Still, it gave us a chance to flick off behind the press red to see what was going on elsewhere - we bet it wasn't youssou ndour playing in Eden, but it's the only African artist they could come up with at the caption department; Brian Wilson looked like he was having more fun in Berlin than he ever had at Glastonbury.

Bakcstage, Robbie Williams took another opportunity to prove how straight he is by flirting with Fearne Cotton. His method of flirting is rather like the sales method used by Indian call centre workers; constantly repeating a not very attractive offer in the face of indifference. Of course, Williams' bid to prove he is a heterosexual bloke is totally undermined by his mannerisms, which are starting to make Sean from Corrie look like Conan the Barbarian.

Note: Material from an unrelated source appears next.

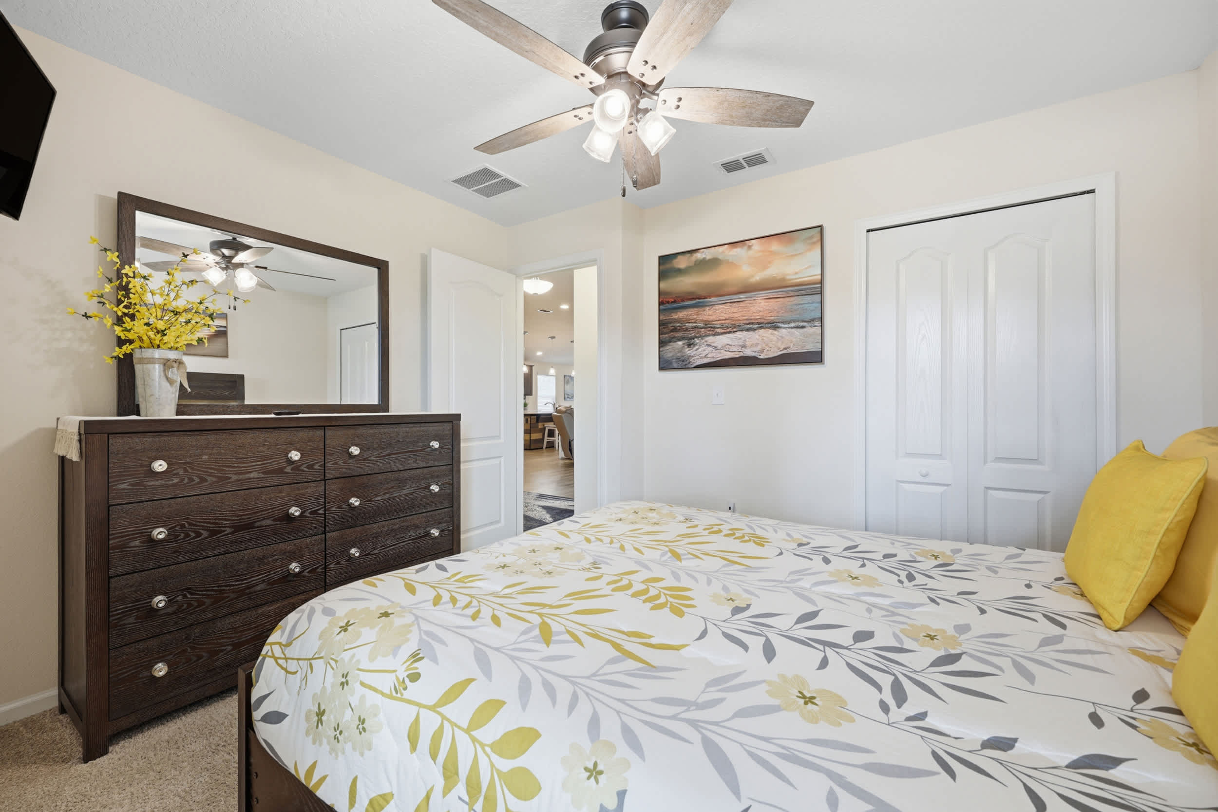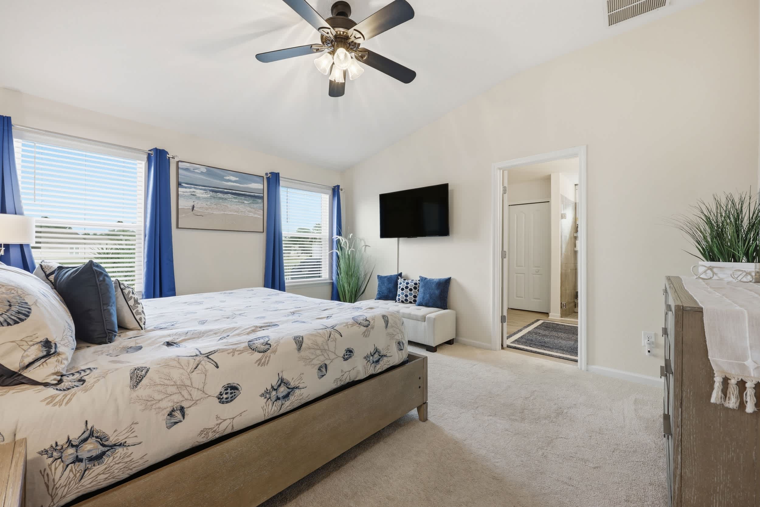 Bedroom #4 includes a queen size bed and a smart TV.

Over in Rome, Simon LeBon is sounding surprisingly like Bob Dylan. Dylan at least has the excuse that he has a kazoo lodged in his windpipe.


3 comments:

Simon said...

I think the Wimbledon contract states both singles finals have to be shown on BBC1. Obviously they didn't suspect this sort of thing was likely to interfere. Wasn't it all on BBC2 in 1985?

simon h b said...

Not quite - they were going to be all BBC TWO, until someone pointed out that they had to hand over the network to the Open University before the US concert was going to be over; Michael Grade allowed them to swap to BBC ONE at something like ten o'clock.